- [Information supplied]
>>

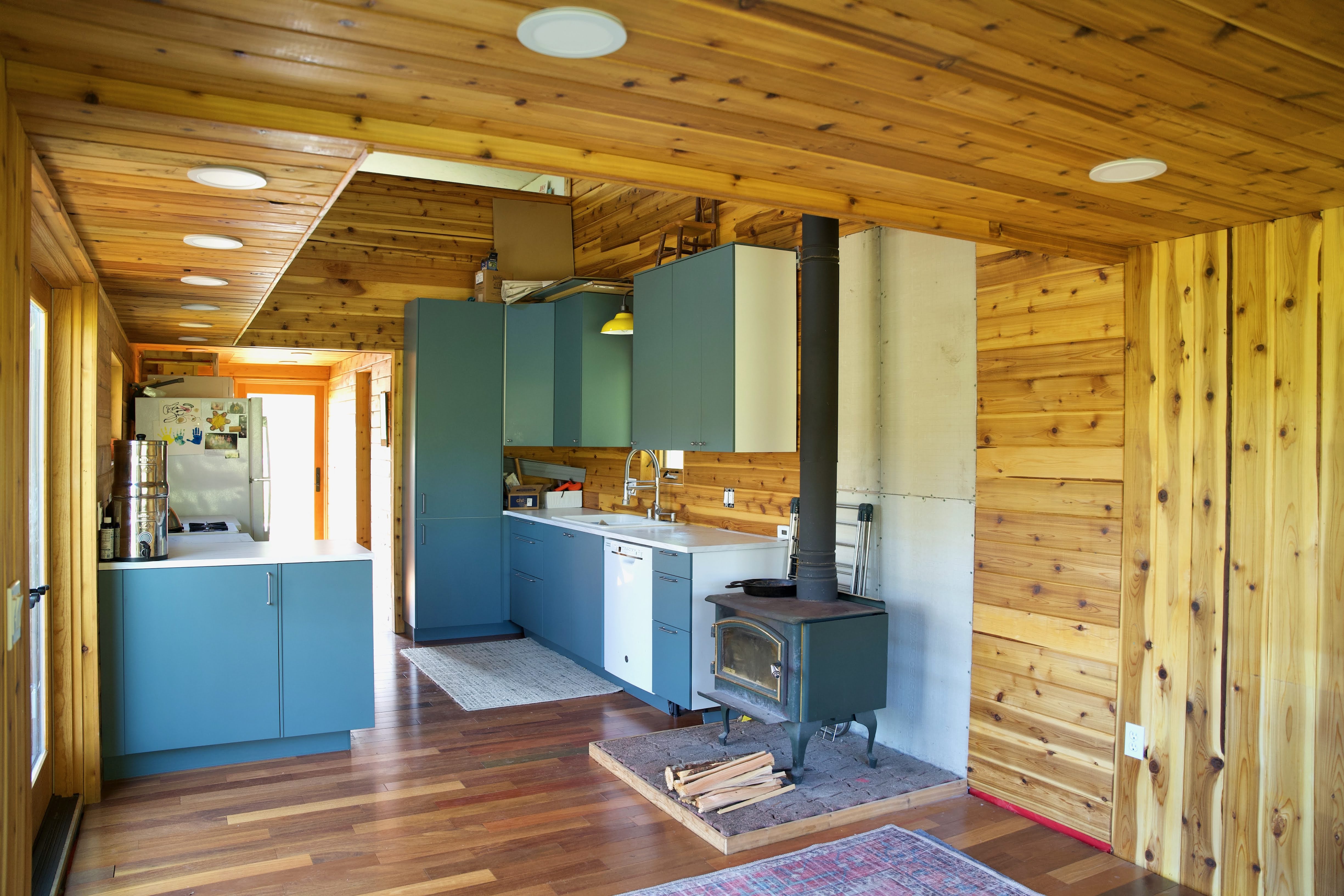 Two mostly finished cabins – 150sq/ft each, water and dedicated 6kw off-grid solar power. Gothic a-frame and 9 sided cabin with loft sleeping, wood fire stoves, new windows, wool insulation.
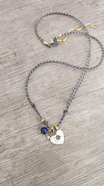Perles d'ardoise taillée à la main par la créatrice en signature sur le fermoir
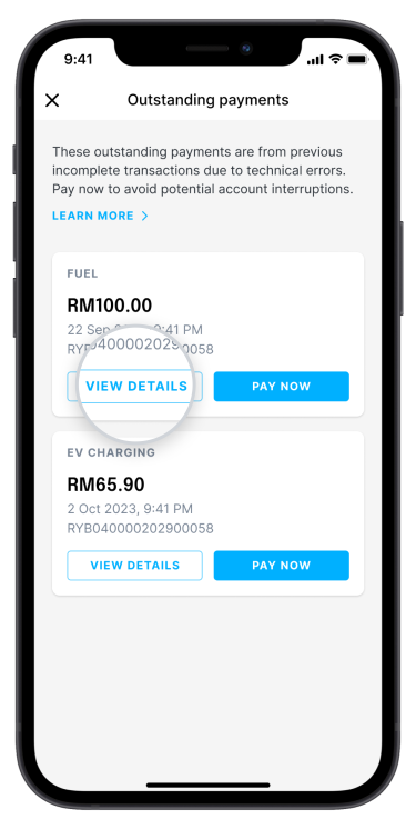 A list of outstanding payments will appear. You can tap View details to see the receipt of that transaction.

<<
>>

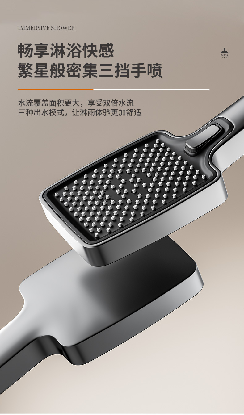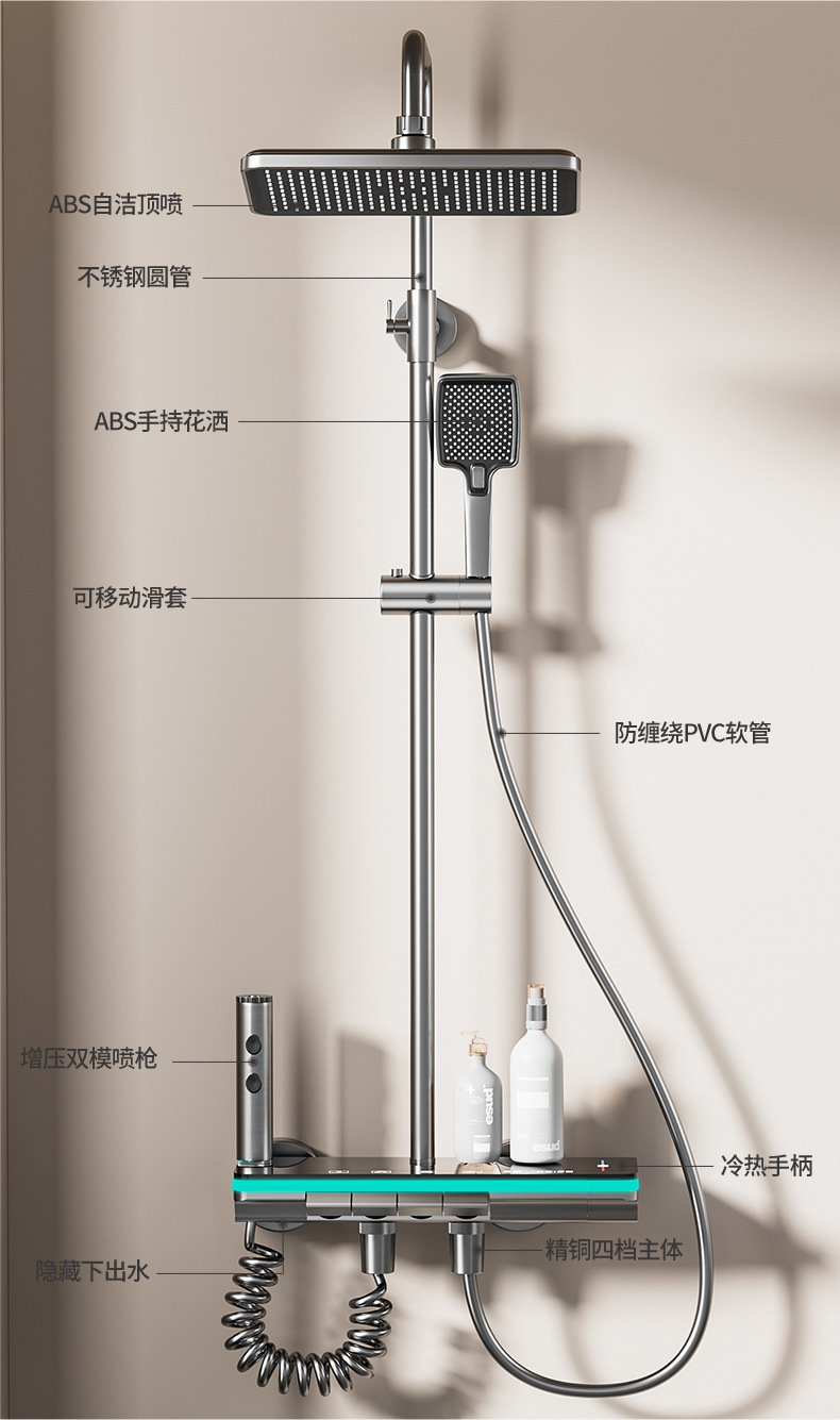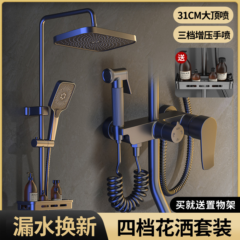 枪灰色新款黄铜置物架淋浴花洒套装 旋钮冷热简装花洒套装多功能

<<

Go back to the listing above and reproduce, exactly, the stretch from the line bearing "Two mostly finished" through the line bearing "A list of outstanding", without its pictures.

 Two mostly finished cabins – 150sq/ft each, water and dedicated 6kw off-grid solar power. Gothic a-frame and 9 sided cabin with loft sleeping, wood fire stoves, new windows, wool insulation.
Perles d'ardoise taillée à la main par la créatrice en signature sur le fermoir
 A list of outstanding payments will appear. You can tap View details to see the receipt of that transaction.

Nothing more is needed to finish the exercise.